Java 8 / 9ea listed in: rolling_eyes: Vectorization in HotSpot JVM I will put the conditions of. I think that the triggering conditions and restrictions will be relaxed in future versions, so please follow the current affairs.

• Must be a Trip-Counted Loop. In other words, it is a count loop, and limit does not change during the loop and step is determined at compile time.
for(int i=0; i<100; i++){ } // OK
for(int i=5; i<100; i++){ } // OK
for(int i=t0; i<t1; i++){ } // OK
for(int i=0; i<100; i+=4){ } // OK
for(int i=0; i<100; i+=d){ } // NG
for(int i=0; i<100; i*=2){ } // NG
for(int i=0; i<t1; i++){     // NG
...
if(...) t1 ++;
}

• Loop counters are only ʻint, short, char.
for(byte i=0; i<100; i++){ }  // NG
for(char i=0; i<100; i++){ }  // OK
for(short i=0; i<100; i++){ } // OK
for(int i=0; i<100; i++){ }   // OK
for(long i=0; i<100; i++){ }  // NG

• Loop unrolling is not performed when a function call is included.
for(int i=0; i<100; i++){  // NG
...
f();
}

• The target data is an array.
for(int i=0; i<100; i++){  // OK
a[i] += b[i];
}
for(int i=0; i<100; i++){  // NG
a.set(i, a.get(i) + b.get(i));
}

• It must be a simple four arithmetic operation.
a[i] ++;  // OK
a[i] += 2; // OK
a[i] *= b[i]; // OK
a[i] = b[i] + c[i]; // OK

• The index is continuous.
for(int i=0; i<100; i++){  // NG
a[i] += b[2 * i];
}

• Aggregation may be partly possible from Java 9
int r = 0;
for(int i=0; i<100; i++){
r += a[i] * b[i];
}


### Behavioral features and Java 9 extensions

Not surprisingly, collection API and Stream operations in Java (and JavaVM languages such as Scala and Kotlin) are not operations that can be translated into SIMD instructions.

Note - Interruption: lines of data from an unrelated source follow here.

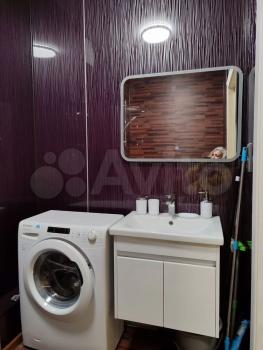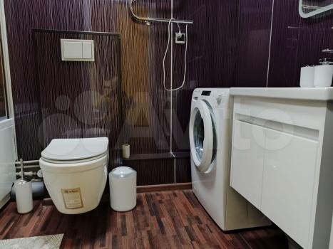 Санузел совмещенный, оформлен в современном стиле с использованием качественных материалов. В наличии ванна и стиральная машина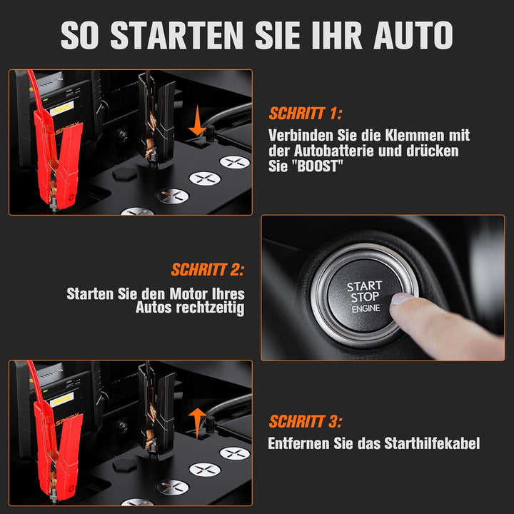 - 6000A Tragbare Starthilfe Powerbank - Die ASPERX AX6000 Auto Starthilfe bietet einen Spitzenstrom von 6000 A und kann eine leere 12-V-Batterie in Sekundenschnelle problemlos starten. Verbinden Sie einfach die Klemmen mit den Plus- und Minuspole des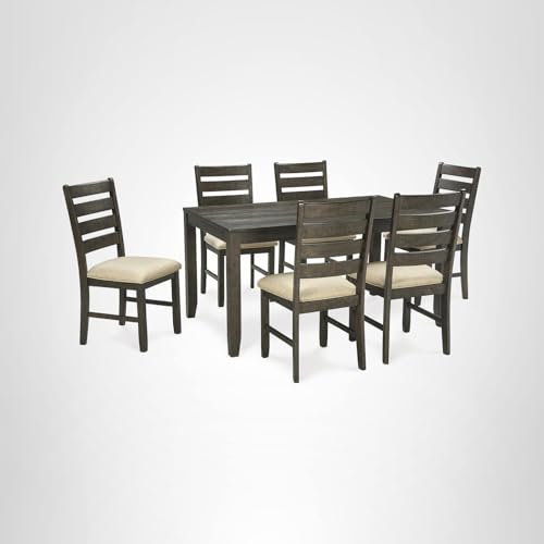 Specification: Signature Design by Ashley Rokane 7-Piece Dining Room Table Set with 6 Upholstered Chairs – Brown Wood 20″ Rectangular Table & Chair Set for Kitchen Dining Room

If the bottleneck is where you're doing a lot of math with them, it might be worth considering replacing them with array & loop counts.

Since ʻUnsafe is a method call, you cannot expect this optimization in code that uses ʻUnsafe for speed-first risk-taking.

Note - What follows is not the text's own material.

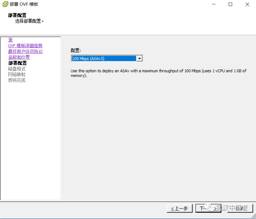 在OVF模板部署向导中,配置网络吞吐量,并下一步,该吞吐量受限于授权文件和ESXi主机的网卡实际能力: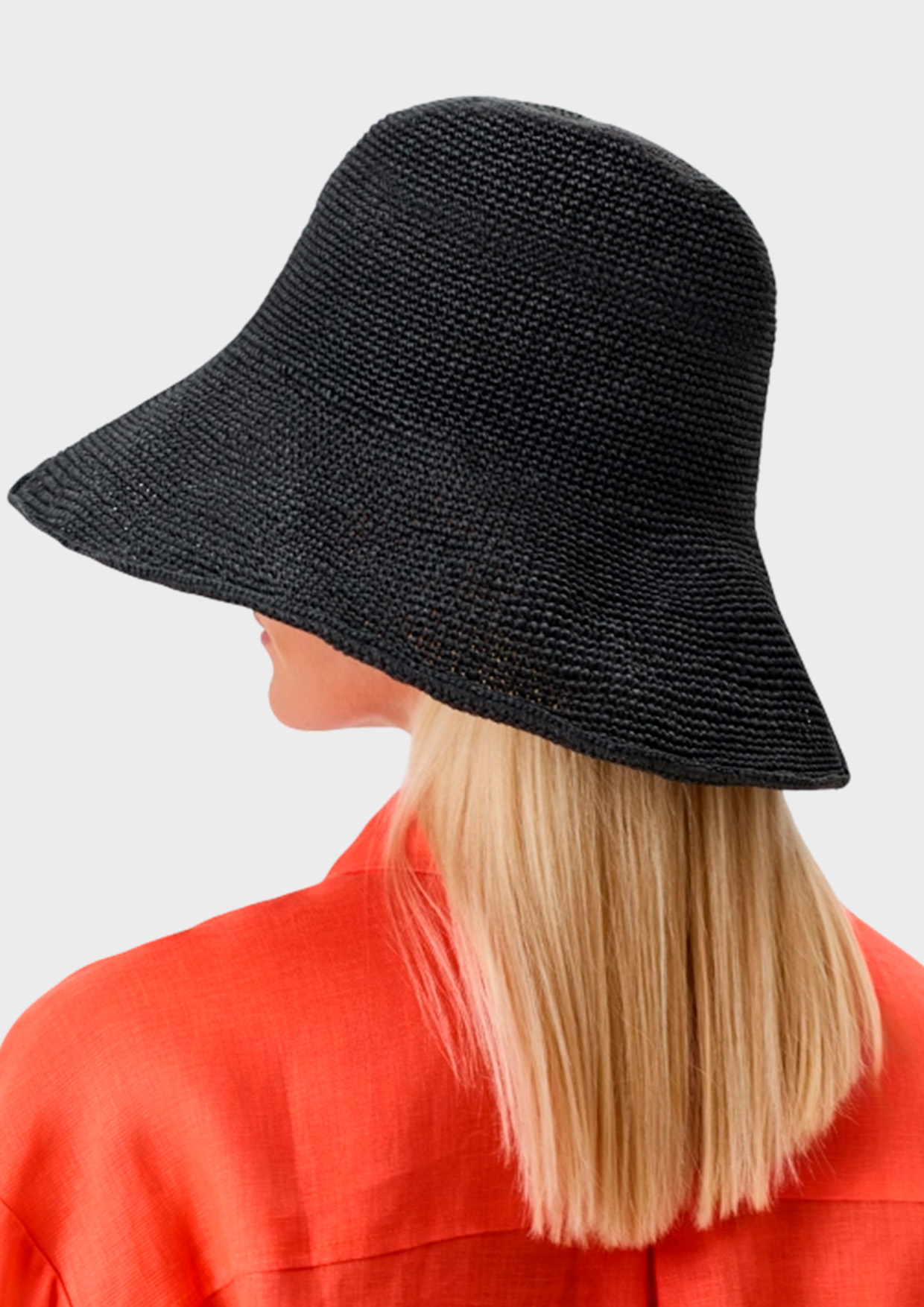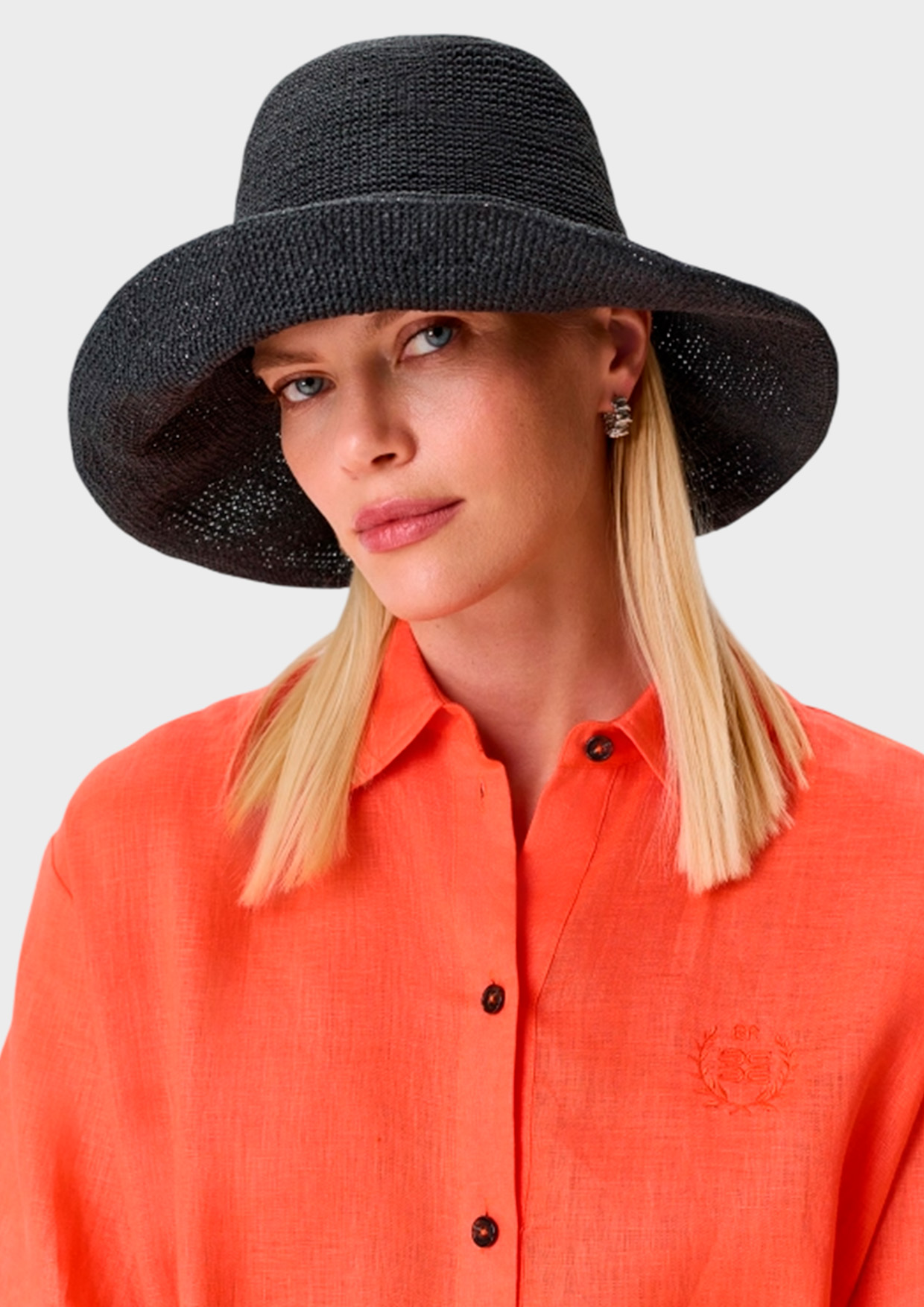 Шляпа-котелок из натуральной бумажной соломки. Плетеная шляпа с округлой тульей и широкими полями с каркасом, благодаря которому можно менять их форму. Регулировка размера с помощью внутренней кулисы.

Vectorization has a 64-byte alignment constraint, and the fractions ahead of the array are done in an unvectorized pre-loop. Elements that are not multiples of 4 at the end of the array are also post-looped without vectorization. However, post-loop is said to be vectorized in Java 9.

Java 8 uses 128bit registers (xmm), so it is vectorized every 2 or 4 elements, but in Java 9 AVX2 can be increased to 32 or something.

SIMD

SIMD </ b> (Single Instruction Multiple Data) is a mechanism to apply the same instruction to a lot of numerical data arranged at once.

Science and technology arithmetic processing such as fluid simulation, image processing, voice processing, encryption, and machine learning processing frequently involve linear algebraic operations such as "multiply array $a$ by the value of array $b$". It comes out in large quantities.

A GPU or supercomputer vector arithmetic unit is a collection of a large number of low-cost, power-saving, and space-saving arithmetic cores that eliminate unnecessary circuits to perform a large amount of arithmetic. These can apply one instruction to a large amount of data in a register at a time.

Recent CPUs have CPU instructions that perform several to dozens of vector operations. GPUs that handle a large amount of arithmetic in image processing have thousands of processors dedicated to arithmetic and issue arithmetic instructions to them at once. Both are SIMDs, but HotSpot's SLP optimizes for CPU instructions.